Tina Di Lorenzo (4 December 1872 — 25 March 1930) was an Italian actress on stage and in silent films.

==Early life==
Concettina Di Lorenzo was born in Turin, the daughter of the Marquis Corrado Di Lorenzo and Amelia Colonnello. Her parents were both from Sicily; her mother was an actress, so young Tina was raised at her father's house in Noto.

==Career==
Di Lorenzo started on the stage in her teens, sometimes acting with her mother. As a young woman, she joined the company of Francesco Pasta in 1890-1891, and then the company of Flavio Andò from 1897 to 1905. She toured abroad on several occasions, in Eastern Europe, Central America, and South America. From 1912 to 1914 she was a member of the Stabile del Teatro Manzoni in Milan. Her roles included Juliet, Camille, Zaza, and Pamela. She wore costumes by theatrical designer Luigi Sapelli.

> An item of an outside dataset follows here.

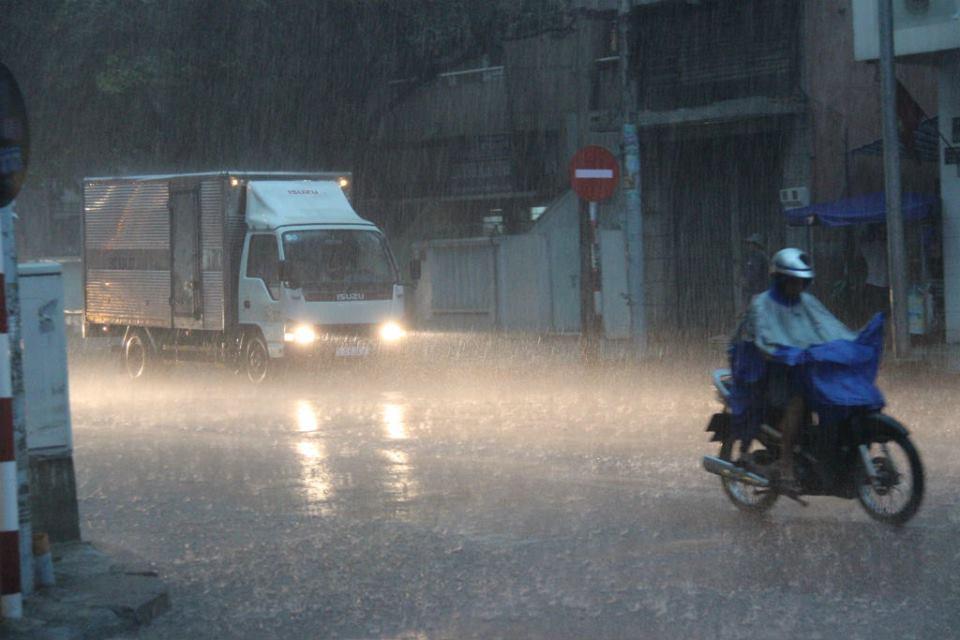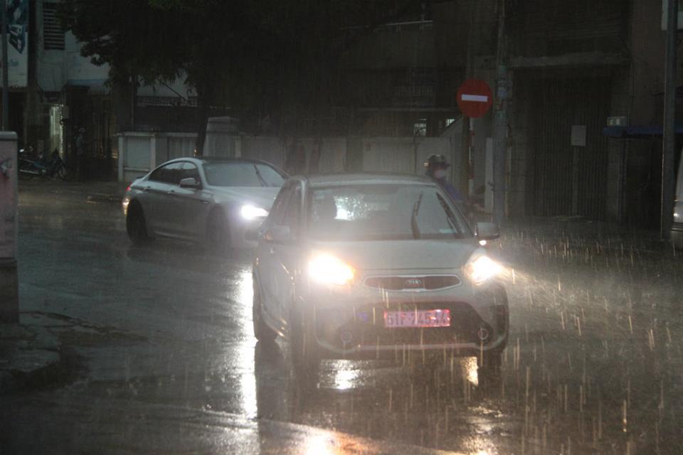 Tình trạng này cũng xảy ra tương tự trên nhiều tuyến đường thuộc khu vực trung tâm thành phố. Mưa lớn, các phương tiện đều phải lưu thông với tốc độ chậm và di chuyển khá khó khăn.

She appeared in three Italian silent films,: La scintilla (1915, directed by Eleuterio Rodolfi), La bella mamma (1915, directed by Eleuterio Rodolfi) and La gorgona (1916, directed by Mario Caserini).

Di Lorenzo was already famous enough at age 24 to be the subject of a biography; Tina di Lorenzo: Cenni biografici e artici, by Camillo Antona-Traversi, was published in 1896. Another biography was published in 1906.

==Personal life==
Tina Di Lorenzo married fellow actor Armando Falconi in 1901. They had a son together, Dino Falconi (1902-1990), who became a screenwriter and film director. She died in Milan in 1930, aged 57 years. Her gravesite is in the Cimitero Monumentale di Milano. There is a theatre in Noto named after her called Teatro Tina Di Lorenzo.